Ad Astra Makes Visits With NASA

By Keith Cowing
NASA Watch
September 16, 2019
Filed under

Ad Astra: A Conversation with Brad Pitt, James Gray and NASA Officials
“Join us for a special evening with Brad Pitt as he discusses his new film Ad Astra. He will be joined by writer and director James Gray as well as NASA officials, Dr. Sarah Noble and Lindsay Aitchison. Ad Astra is a science fiction, adventure film that was created with the intention of presenting “the most realistic depiction of space travel that’s been put in a movie” to date. The filmmakers worked with experts to fully capture and convey the dynamism and power of the astronaut experience in outer space. The conversation will be moderated by Washington Post Film Critic Ann Hornaday.”
Brad Pitt to Speak with NASA Astronaut on Space Station about Artemis Program
“Pitt’s Earth-to-space call will air live at 11:35 a.m.

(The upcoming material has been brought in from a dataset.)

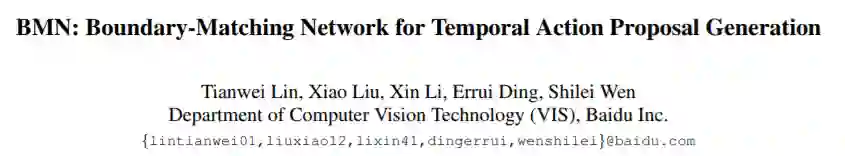 [1] T. Lin, X. Liu, X. Li, et al. BMN: Boundary-Matching Network for Temporal Action Proposal Generation. arXiv preprint arXiv:1907.09702, 2019.

EDT Monday, Sept. 16 on NASA Television and the agency’s website. … “We reviewed a script of Ad Astra early in production,” said Bert Ulrich, the agency’s liaison for film and TV collaborations at NASA Headquarters in Washington. “Although there was no NASA storyline, we provided some of the exciting images and footage for the film especially of the Moon and Mars. Sci-fi films like Ad Astra, the Martian, Interstellar, and Gravity take movie audiences out of this world incorporating some of NASA’s most inspirational photography and footage.”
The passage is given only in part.